Hello @amrit1711 This is the output of nvidia-bug-report.sh from 550.78 nvidia-open.log.gz nvidia-proprietary.log.gz My machine is 64k pagesize (tried on 4k pagesize and didn't work either) and this is the kernel compile configuration: kernel-config-6.9.0-gentoo-arm64.gz I'm installing the kernel source with following Gentoo USE flags
[ebuild R ~] sys-kernel/gentoo-sources-6.9.0:6.9.0::gentoo USE="experimental -build -symlink" 0 KiB
I usually use the following cflag to build the driver (Although the one below is 535.179)

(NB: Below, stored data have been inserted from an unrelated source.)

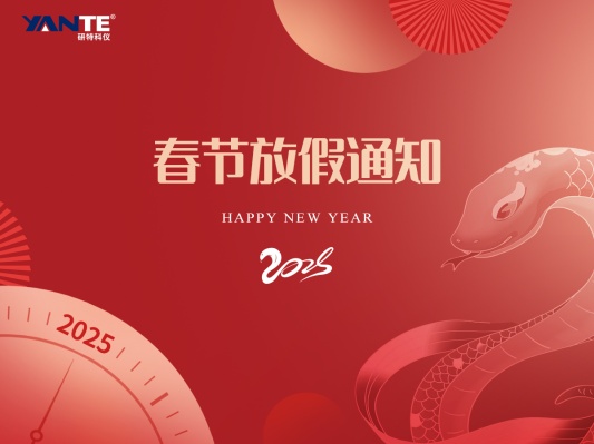 ?春節將至,研特科儀根據《關于修改〈全國年節及紀念日放假辦法〉的決定》精神,結合公司實際,現將“春節”放假的有關事宜通知如下。 1月25號(星期六)至2月6(星期五)放假公休,共13天。2月7日正常上班。 節前,各部門應做好防火、防盜等安全自查工作,消除安全隱患;祝愿各位同事過一個快樂的假期。值此靈蛇
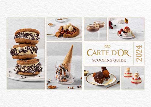 Stock your freezers with luxurious blackcurrant-raspberry ice cream marbled with cream-flavoured ice cream with a sour cherry sauce and a cracking milk chocolate shell. Or a decadent blend of hazelnut and caramel-almond flavoured ice creams covered in a salted hazelnut sauce and coated in white chocolate with caramelised hazelnut, almond, and pistachio pieces.
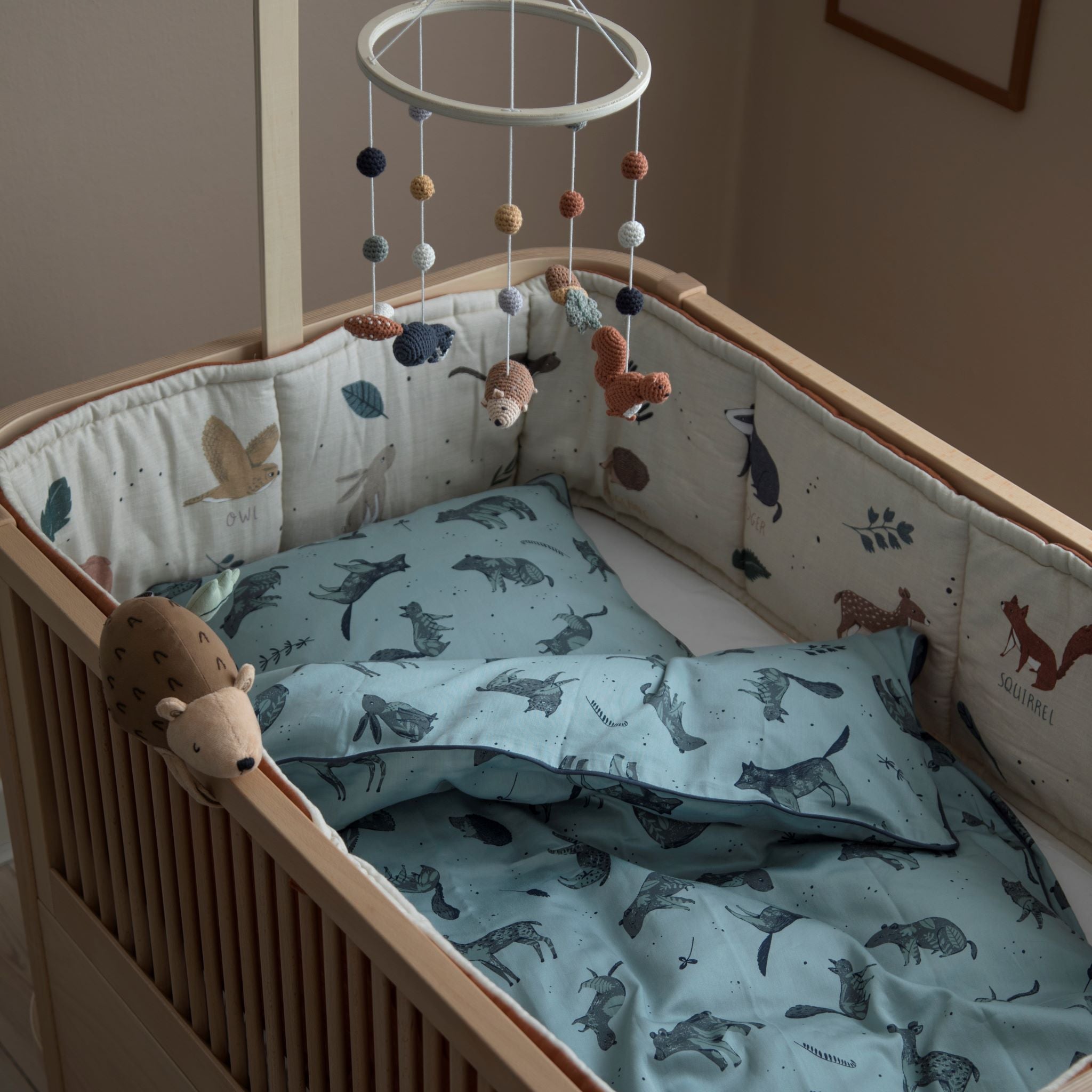 A környezettudatos gyerekszoba dekoráció kialakításának és megkötőinek köszönhetően bármely kiságyhoz könnyen illeszkedik. Az elengedhetetlen kiegészítőt, mely óvja a babát a kiságyban forgolódás, mozgolódás közben, fontos megfelelően rögzíteni a kiságyra - amennyiben az alső megkötőket nem használjátok, nyugodtan vágjátok le a varrás óvásával.
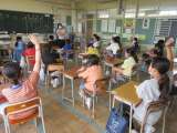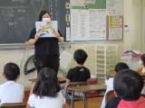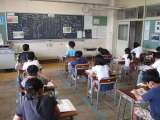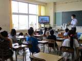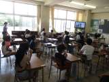 5年生がテレビ会議システムを使ってクイズ大会をしています。密にならない学年集会で...
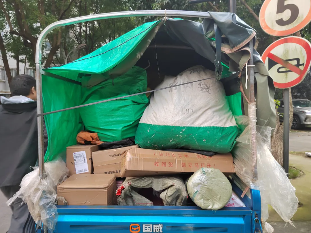 大大小小的包裹擠滿了小蔡的三輪車,車上的紅色帆布袋格外顯眼,因為那裏裝的都是“上門件”。
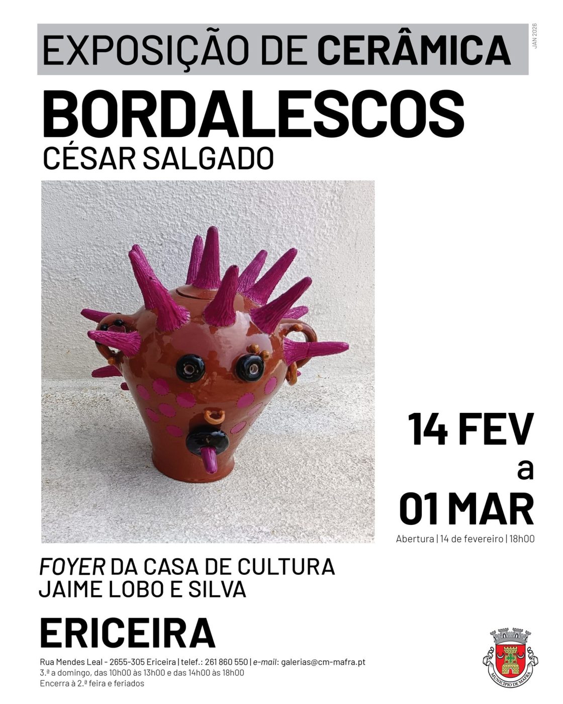 De 14 de fevereiro a 1 de março, visite três exposições dedicadas à memória, cultura e olaria satírica, incluindo uma retrospetiva dos trabalhos que marcaram a arte municipal em 2025.
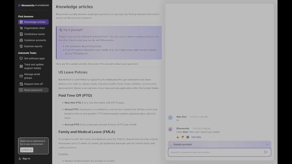 Whether your query is simple or multi-part, Playground is able to handle it. So why not skip the sales call, and try out the power of AI agents in the enterprise for yourself in the Moveworks Playground.
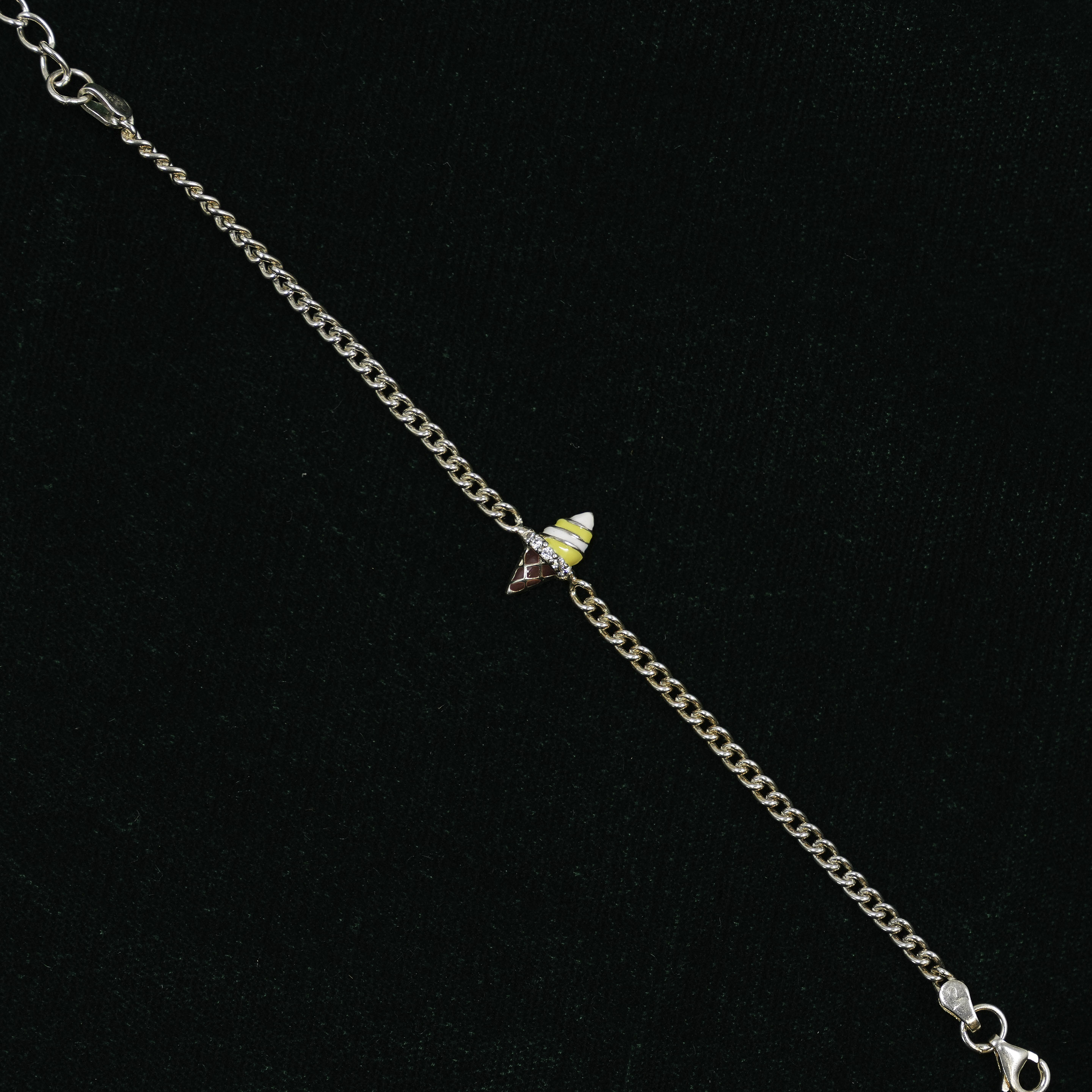 Stylish silver charm bracelet with a cute drink charm, perfect for everyday wear. Buy silver charm bracelet from Raag Silver Jewellery in Hyderabad.
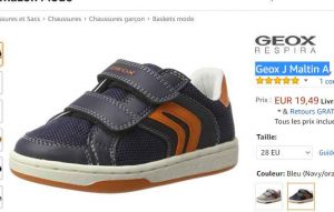 Par exemple des chausssures GEOX J MALTIN à moins de 20€ … Des sneakers à scratchs disponibles dans des pointures allant du 28 au 35 …
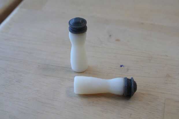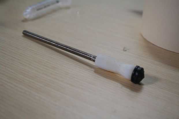 La extrusora de la jeringa es accionada por un émbolo de la jeringa impresa 3D atado a la barra de motor actuador lineal. Impreso estos pequeños postes de madera en una máquina de resina de Objet, pero realmente se encuentra que ellos imprimen muy bien en un makerbot así. Para las versiones de makerbot, terminé usando la tapa de goma de émbolo de jeringa original para hacer el émbolo impreso como aire apretado como el estándar.
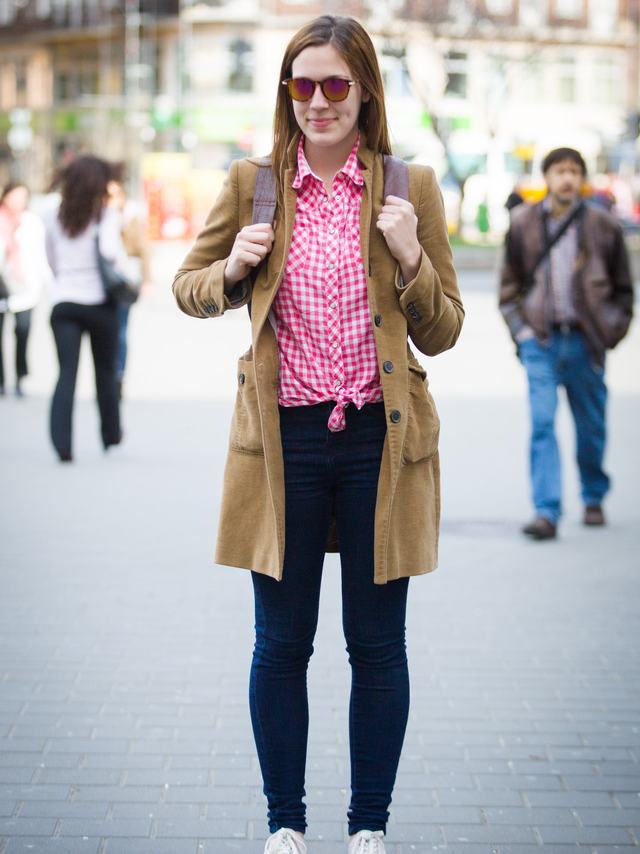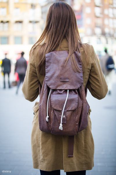 Ilyen hűvös időben jól jön a hosszított kabát és a zárt tornacipő. Regina szettjében mi legjobban a bőr hátizsákot szeretjük, mely amellett, hogy most épp nagyon divatos, praktikus is, és vagánnyá tesz bármilyen összeállítást.
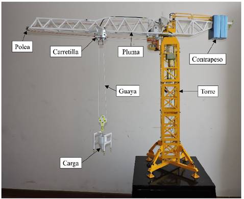 Las grúas torre de pluma horizontal son sistemas mecánicos encargados del transporte y posicionamiento de carga pesada dentro de una área de trabajo determinada. Las técnicas modernas de construcción emplean mayores requerimientos tanto de velocidad de transporte y posicionamiento de la carga como de precisión. Sin embargo dados esos requerimientos y considerando la configuración mecánica que presenta este tipo de sistema, se generan oscilaciones indeseadas en la carga aumentando el tiempo de posicionamiento de la misma [1], arriesgando la integridad del sistema [2] y el personal en el área de construcción.
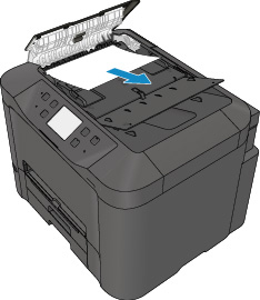 إذا كان المستند محشورًا في فتحة إخراج المستندات، فأغلق درج المستند كما هو موضح في الشكل أدناه، ثم اسحب المستند للخارج.
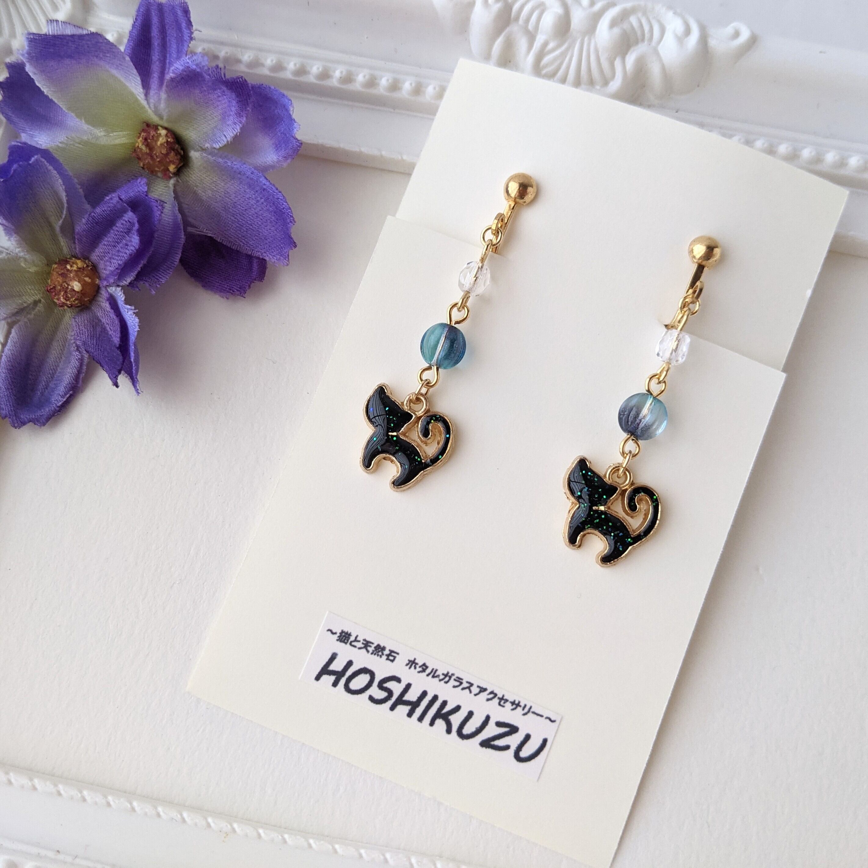 ~キラキラ輝く小さな黒猫がかわいいイヤリング・ピアス~
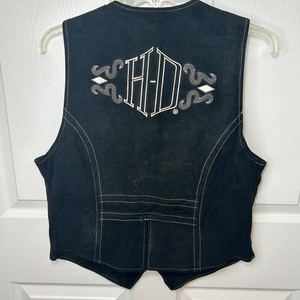 Chaleco Harley-Davidson Vintage Años 90 Cuero Gamuza Negro Mujer Motociclista L Bordado
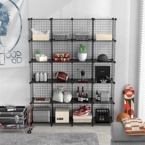 SIMPDIY 本棚 大容量 整理棚 ワイヤー収納ラック 組み立て式 衣類収納ボックス 便利な ワードロ (20ボックス, 黒)
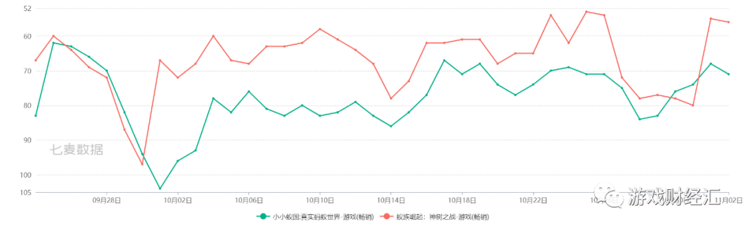 根据七麦数据,《小小蚁国》iOS端累计收入约161万美元(约1172万元),目前位列iOS畅销榜70名左右,排名略低于已上线一年的《蚁族崛起》。
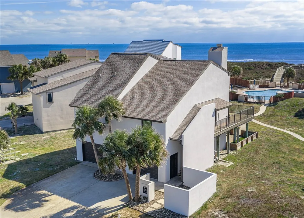 Welcome to The Lookout, a thoughtfully updated coastal retreat located inside the gated, palm-lined community of Admirals Row. Perfectly positioned at the center of the community, this 3-bedroom residence overlooks the pool, dunes, and beach crossover, offering elevated Gulf views and effortless access to the shoreline. The home is considered a detached condo and has been extensively updated, with interior renovations completed in 2021 while preserving the original teak flooring that adds warmth and a subtle mid-century modern character. The main living area features soaring cathedral ceilings and a wall of windows spanning the living and dining spaces, filling the home with natural light and coastal views. Automatic roll-down shades are installed throughout for comfort and convenience. The updated kitchen is both functional and stylish, and the main level also includes two guest bedrooms and two full bathrooms. The entire third floor is dedicated to the primary suite, offering stunning ocean views, a spacious walk-in shower, and double vanity—creating a private, elevated retreat. The finished first floor provides exceptional flexibility with bunk space, a secondary living area, a full bathroom, and direct access to a private, turfed patio—an ideal shaded and breezy outdoor space that is also perfect for pets. Additional highlights include a recently repainted exterior, an onsite caretaker, and a community that allows short-term rentals, making this an excellent primary residence, second home, or investment opportunity. Admirals Row offers a rare combination of privacy, coastal proximity, and low-density living in a sought-after beachfront setting.
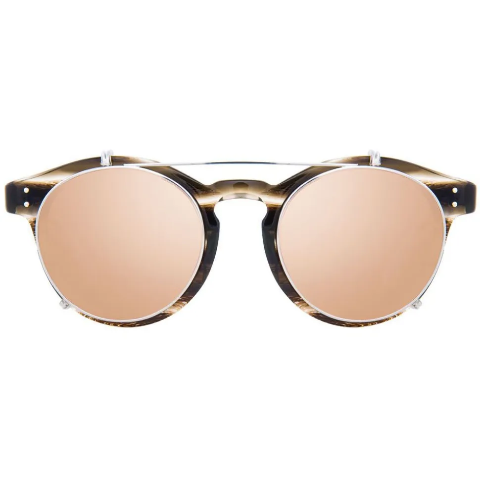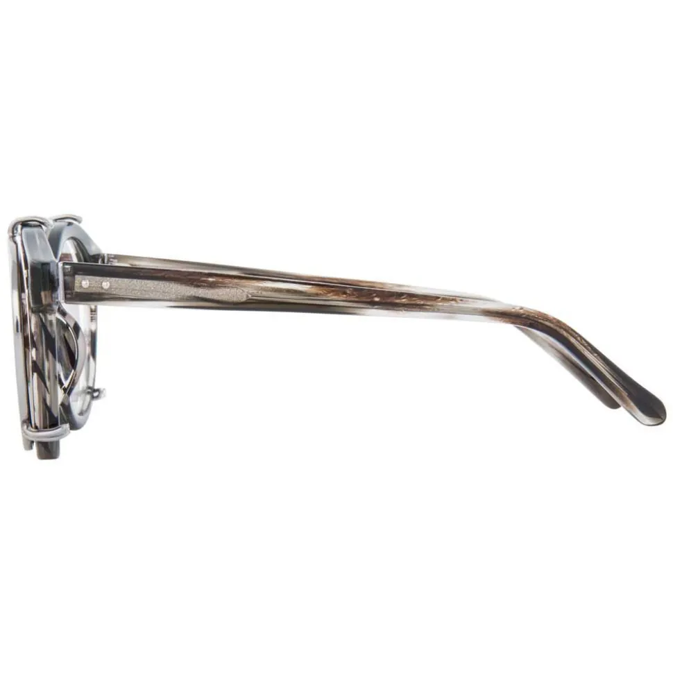 Elevating optical glasses with an innovative clip-on sunglasses feature, these rounded keyhole glasses are the epitome of modern luxury. Flat rose gold precious lenses with contrasting 18-22 carat white gold plated rims, titanium top bar and clips attach to hand polished grey horn Italian acetate frames.
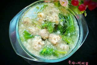 小白菜汆丸子的做法一:极品小白菜汆丸子 食材准备 猪肉馅 ,葱姜,青菜,鸡汤,料酒,生抽,盐,白胡椒粉,鸡精,香油,蛋清适量。
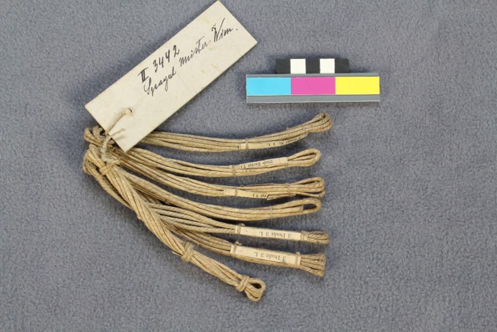 Sieben Spagatmuster, zusammen gebunden. Die Garne haben, soweit noch vorhanden, Papierstreifchen mit Angaben zur Garnqualität.

hacc@Hacc-AIO ~ $ cat /var/db/pkg/x11-drivers/nvidia-drivers-535.179/CFLAGS
-march=armv8-a+crypto+crc -mcpu=emag -O3 -pipe -fipa-pta -fgraphite-identity -floop-nest-optimize -fuse-linker-plugin -flto=32
hacc@Hacc-AIO ~ $ cat /var/db/pkg/x11-drivers/nvidia-drivers-535.179/CXXFLAGS
-march=armv8-a+crypto+crc -mcpu=emag -O3 -pipe -fipa-pta -fgraphite-identity -floop-nest-optimize -fuse-linker-plugin -flto=32
And I'm patching the kernel myself to modify the build cflags
diff -ur linux-6.9.0-gentoo.bak/arch/arm64/Makefile linux-6.9.0-gentoo-mod/arch/arm64/Makefile
--- linux-6.9.0-gentoo.bak/arch/arm64/Makefile 2024-05-14 16:31:28.424412235 +0200
+++ linux-6.9.0-gentoo-mod/arch/arm64/Makefile 2024-05-14 16:36:24.318255664 +0200
@@ -40,6 +40,7 @@
$(compat_vdso) $(cc_has_k_constraint)
KBUILD_CFLAGS += $(call cc-disable-warning, psabi)
KBUILD_AFLAGS += $(compat_vdso)
+KBUILD_CFLAGS += -mcpu=emag
KBUILD_RUSTFLAGS += --target=aarch64-unknown-none -Ctarget-feature="-neon"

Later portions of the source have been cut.